東京に住んでいると、疑問に思うことが多い。
よく、『東京の人はまわりに無関心だ』という言葉を聞く。
たしかにそう思う場面は多い。それは、個が確立され、相互に干渉せず、個の自由が存在するということだろう。
しかし、時にそれが行き過ぎになっている場面も見かける。他人の干渉がない自由を勘違いして、自分勝手になっている人が多いような気がする。
他人に干渉しないことは、相互が、一定の最低限度の制約を守ることを約束していることが、条件となる。
社会性を持って、生きる人間にとって、集団の和を守ることは大切である。
その和を乱さないように、警察権力があり、法律や罰則がある。これは、今に始まった話でなく、かつての村八分などの罰にも現れるように、自分の存在が他人に認められないことは辛いものである。自分の存在自体も、他人に由来しているところも多い。

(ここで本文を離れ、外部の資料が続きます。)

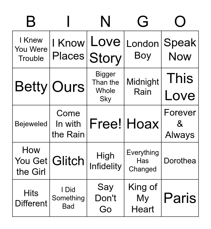This bingo card has a free space and 157 words: The 1, 22, Afterglow, All of the Girls You Loved Before, All Too Well, All You Had to Do Was Stay, Anti-Hero, The Archer, August, Back to December, Bad Blood, Begin Again, Bejeweled, Better than Revenge, Betty, Bigger Than the Whole Sky, Blank Space, Breathe, Call It What You Want, Cardigan, Castles Crumbling, Champagne Problems, Change, Clean, Closure, Come Back... Be Here, Come In with the Rain, Coney Island, Cornelia Street, Cowboy Like Me, Cruel Summer, Dancing with Our Hands Tied, Daylight, Dear John, Dear Reader, Death by a Thousand Cuts, Delicate, Don't Blame Me, Dorothea, Dress, Electric Touch, Enchanted, End Game, Epiphany, Evermore, Everything Has Changed, Exile, Eyes Open, False God, Fearless, Fifteen, Forever & Always, Forever Winter, Getaway Car, Girl at Home, Glitch, Gold Rush, Gorgeous, The Great War, Happiness, Haunted, High Infidelity, Hits Different, Hoax, Holy Ground, How You Get the Girl, I Almost Do, I Bet You Think About Me, I Can See You, I Did Something Bad, I Don't Wanna Live Forever, I Forgot That You Existed, I Knew You Were Trouble, I Know Places, I Think He Knows, I Wish You Would, If This Was a Movie, Illicit Affairs, Innocent, Invisible String, Is It Over Now?, It's Nice to Have a Friend, It's Time to Go, Ivy, Jump Then Fall, Karma, King of My Heart, Labyrinth, The Lakes, The Last Great American Dynasty, Last Kiss, Lavender Haze, London Boy, Long Live, Long Story Short, Look What You Made Me Do, Love Story, Lover, The Lucky One, Mad Woman, The Man, Marjorie, Maroon, Mastermind, Me!, Mean, Message in a Bottle, Midnight Rain, Mine, Mirrorball, Miss Americana & the Heartbreak Prince, Mr. Perfectly Fine, The Moment I Knew, My Tears Ricochet, Never Grow Up, New Romantics, New Year's Day, No Body, No Crime, Nothing New, Now That We Don't Talk, The Other Side of the Door, Ours, Out of the Woods, Paper Rings, Paris, Peace, Question...?, ...Ready for It?, Red, Right Where You Left Me, Ronan, Run, Sad Beautiful Tragic, Safe & Sound, Say Don't Go, Seven, Shake It Off, "Slvt!", Snow on the Beach, So It Goes..., Soon You'll Get Better, Sparks Fly, Speak Now, Starlight, State of Grace, Stay Stay Stay, The Story of Us, Style, Superman, Superstar, Sweet Nothing, Sweeter than Fiction, That's When, This Is Me Trying, This Is Why We Can't Have Nice Things, This Love and Vigilante Shhh.

しかし、他人の目ばかりに注視して、自分を持てなくなることは問題である。
自分の信念は何人も持つべきである。
社会性を持ち、集団に属する人間社会にとって、個と集団、個と個、集団と集団の間には、利害が衝突する可能性は否めない。
だから、統治機構があり、法律がある。ルソーが、『社会契約論』において、自然状態を理想化し、自然に帰れと叫ぶ。自然状態は理想だからこそ、今の在り方に疑問を問い続けなければならない。社会に生きる人間にとって、それが課題であり、そこに本当の、自由・平等を精査する必要があるのではないか。